Problem to solve: Each line from the one holding "第四场女单1/4决赛,王曼昱4-0击败陈幸同,拿到最后一张四强门票。" to the last line below must be restated word for word, and no picture may be included.

══════

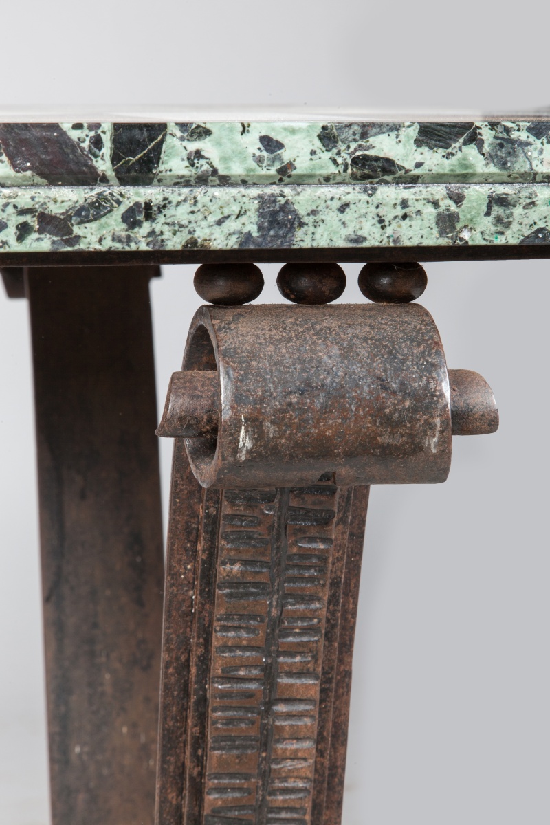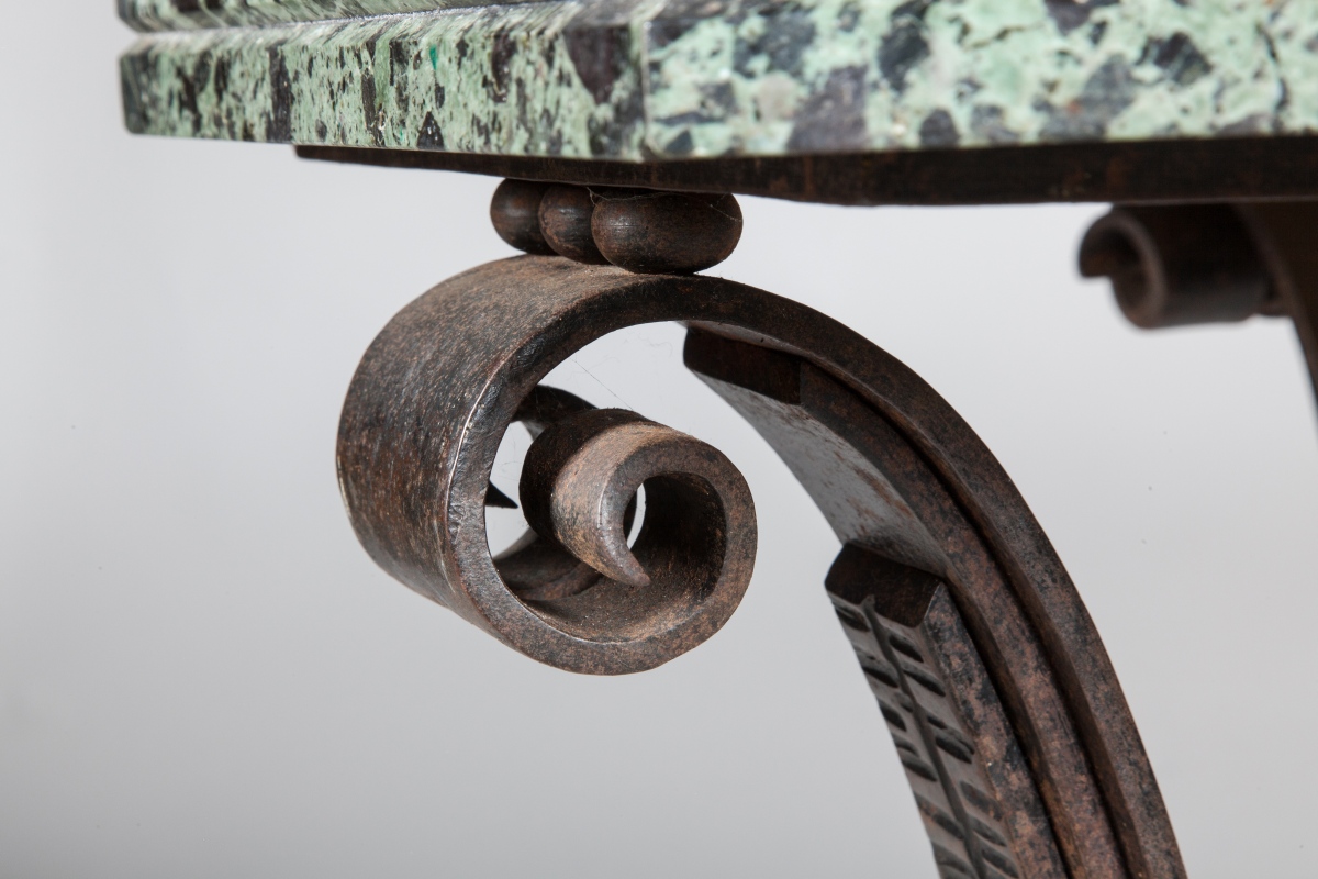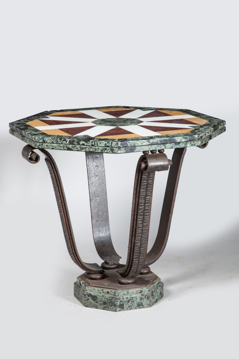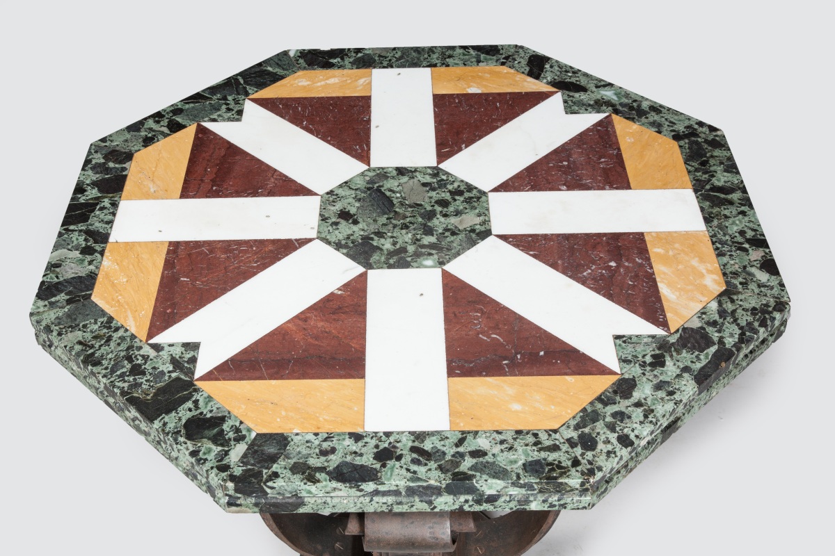 GUÉRIDON à PLATEAU de forme octogonale en marqueterie de marbre et piétement en fer forgé. Le plateau à décor géométrique rayonne d'une étoile blanche sur fond rouge, en réserve jaune sienne, à l'intérieur bordure vert de mer. Le piètement est constitué de quatre consoles à enroulement surmontées de trois billes. Chaque console est réunie à une platine centrale via une boule aplatie, le tout posé sur un petit plateau en marbre vert de mer de forme octogonale.
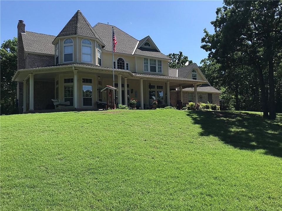 Peaceful, country living with deer to greet you in the evenings! Home is on 12.45 acres (mol) with a 3 acre sprinkler system. Home has wrap around porch with a picturesque view of the grounds & stocked pond with fountain. Property is cross-fenced with pastures for horses (and any other animal you want!). Gated entrance. Multipurpose barn/workshop (2000 SF mol) with an office. Plenty of room for any growing family with 2 living areas downstairs, 2 dining, large entry with a classic staircase, family room and office upstairs. Beautiful refinished hardwood floors, remodeled kitchen in 2016 with all new SS appliances with granite counter tops, double oven, gas fireplace, 6 zoned heat/air, cedar closet, & detailed finishes throughout. Open floor plan with an awesome view of the new (2017) 16x32 pool. 3rd car stall has been converted to a bonus room with a/c, currently being used as a bedroom, making an oversized 2 car garage (can be easily converted back to a 3 car garage by buyer!)
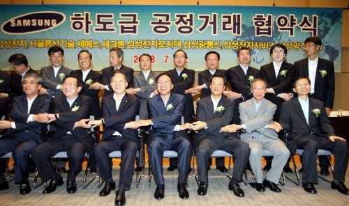 삼성전자의 7개 계열회사, 주요 협력사 대표들이 '하도급 공정거래 협약'을 체결한 후 손을 맞잡고 있는 모습.
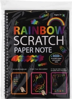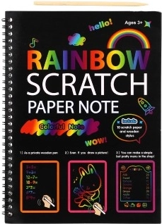 Αυτό το σημειωματάριο ξυσίματος με υπόβαθρο ουράνιου τόξου προσφέρει έναν απλό αλλά συναρπαστικό τρόπο για να δημιουργείτε πρωτότυπες εικόνες. Στην μαύρη επιφάνεια αρκεί να ξύσετε απαλά και αμέσως εμφανίζονται λαμπερά χρώματα ουράνιου τόξου. Εξαιρετικό για μικρούς καλλιτέχνες αλλά και ως χαλαρωτική δημιουργία για μεγαλύτερα παιδιά.
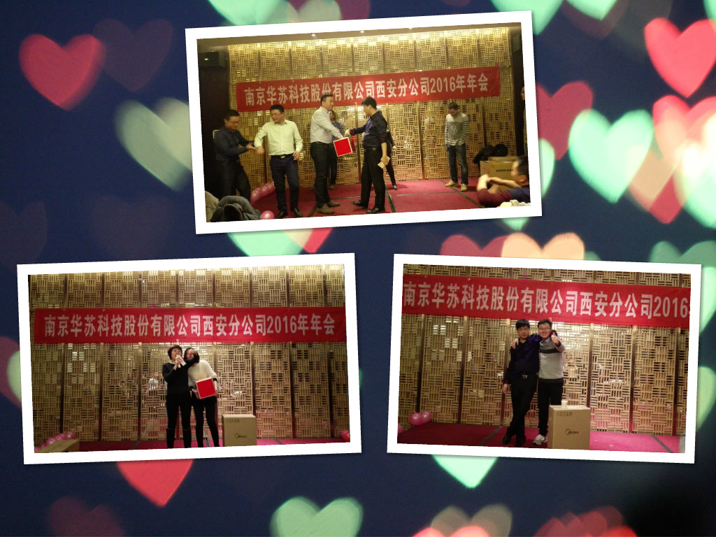 繼華蘇福建分公司年會之后,近日,華蘇西安分公司2016年年會也風風火火地拉開了帷幕。伙伴們滿載著期盼相聚,舉杯相祝、豪情滿懷?;厥走^去,有太多的難忘和不舍,面對未來,他們也將用自己的行動收獲更多的喜悅。
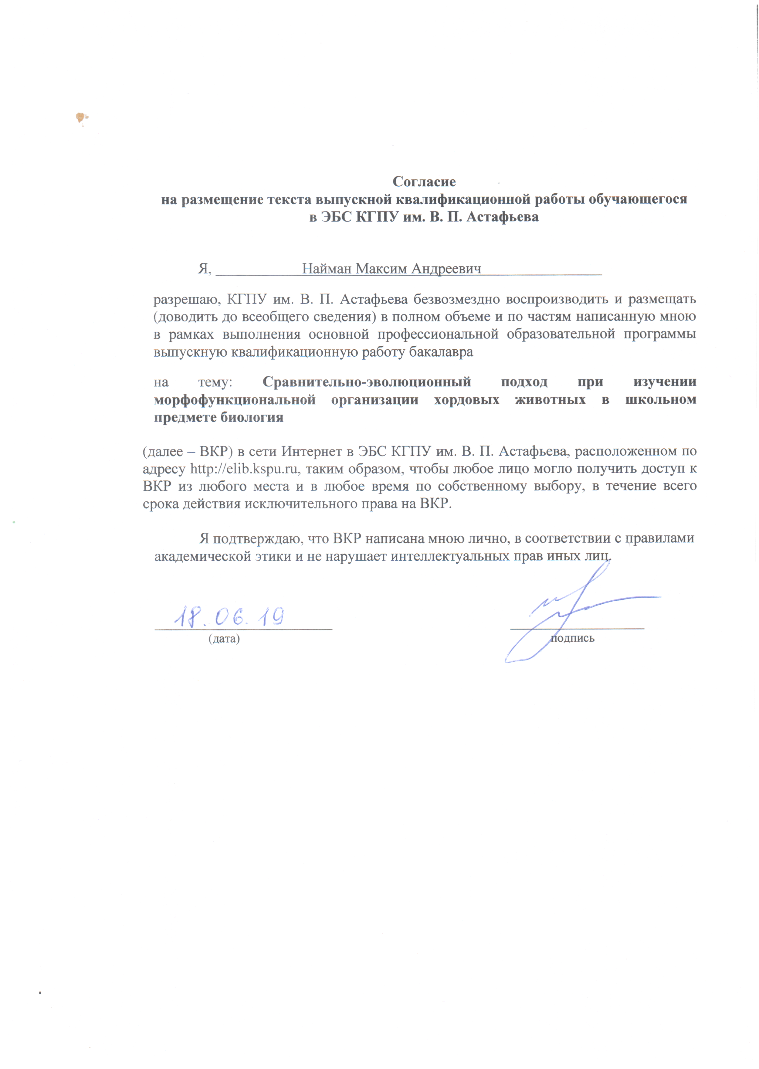Сравнительно-эволюционный подход при изучении морфофункциональной организации хордовых животных в школьном предмете биология
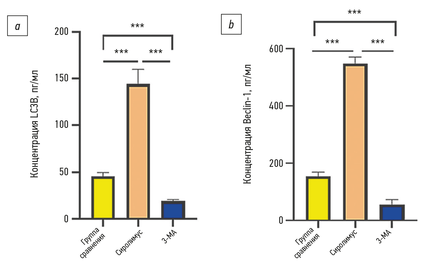 Рис. 2. Концентрация белков аутофагии при культивировании мультипотентных мезенхимальных стромальных клеток (ММСК) в течение 24 ч с модуляторами аутофагии: сиролимусом и 3-метиладенином: a — определение концентрации LC3B в надосадочной жидкости с использованием набора MAP1LC3b (Cloud-Clone, США); b — определение концентрации Beclin-1 в надосадочной жидкости с использованием набора BECN1 (Cloud-Clone, США); *** различия статистически значимы при р < 0,001. Группа сравнения — с трансплантацией ММСК; Сиролимус — ММСК, культивированные с активатором аутофагии сиролимусом в концентрации 3 мкмоль/л; 3-МА — ММСК, культивированные с ингибитором аутофагии 3-метиладенином в концентрации 10 мкмоль/л.
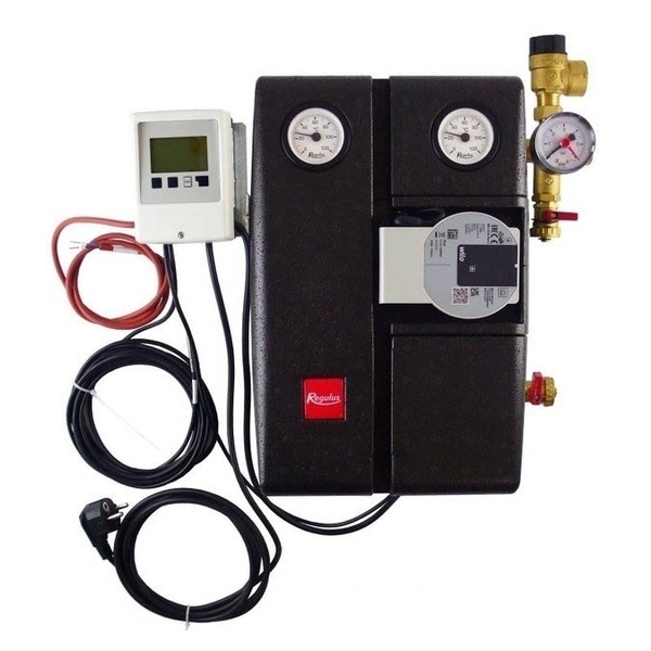 Obsahuje zásuvku pro spínání doplňkového zdroje (kotle), kabel s konektorem pro ovládání zdroje a 2 zapojená čidla do zásobníku. Obsahuje elektronické měření průtoku zobrazené na displeji.
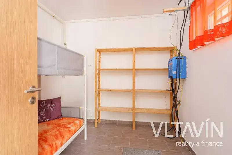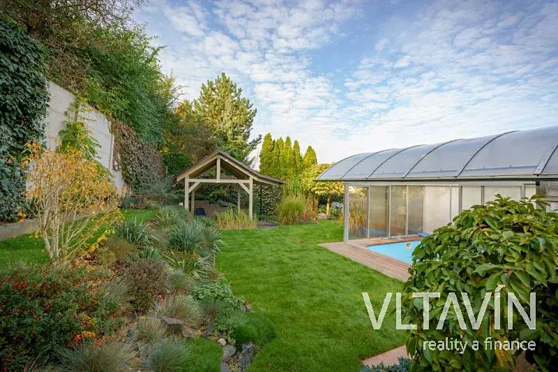 V 1. PP se nachází sklepní skladová místnost, technická místnost a 2 pokoje. Díky velkým francouzským dveřím je interiér těchto pokojů plynule propojen s terasou a pečlivě udržovanou zahradou s bazénem - ideálním místem pro odpočinek i rodinná setkání. Na zahradě s nachází ještě jedno zastřešené sezení.
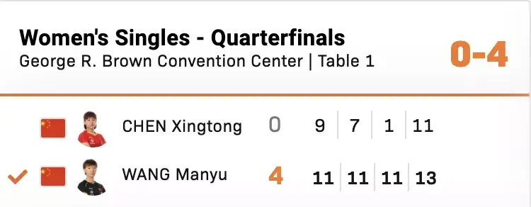 第四场女单1/4决赛,王曼昱4-0击败陈幸同,拿到最后一张四强门票。
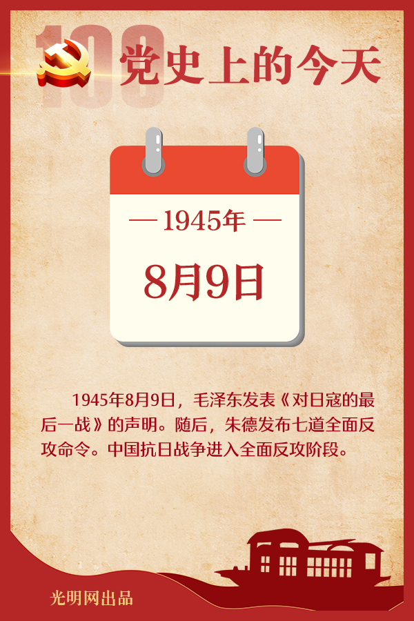 8月9日 毛澤東發表《對日寇的最后一戰》的聲明。隨后,朱德發布七道全面反攻命令。中國抗日戰爭進入全面反攻階段。
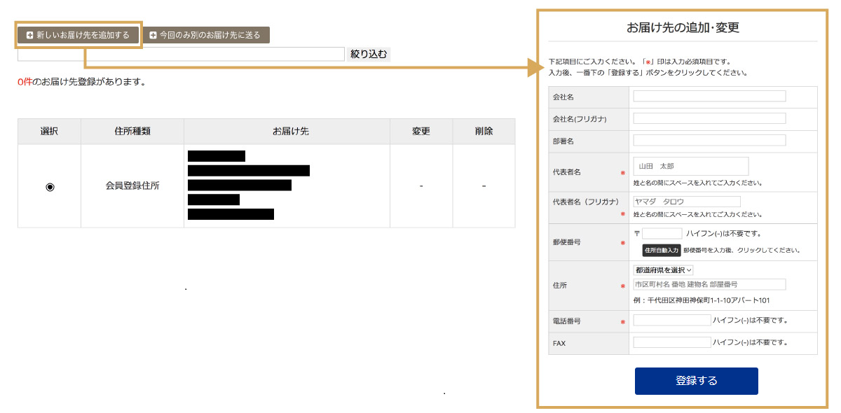 購入したい商品の商品番号・数量を入力し、お届け先を選択します。

══════

Exercise response:
 第四场女单1/4决赛,王曼昱4-0击败陈幸同,拿到最后一张四强门票。
 8月9日 毛澤東發表《對日寇的最后一戰》的聲明。隨后,朱德發布七道全面反攻命令。中國抗日戰爭進入全面反攻階段。
 購入したい商品の商品番号・数量を入力し、お届け先を選択します。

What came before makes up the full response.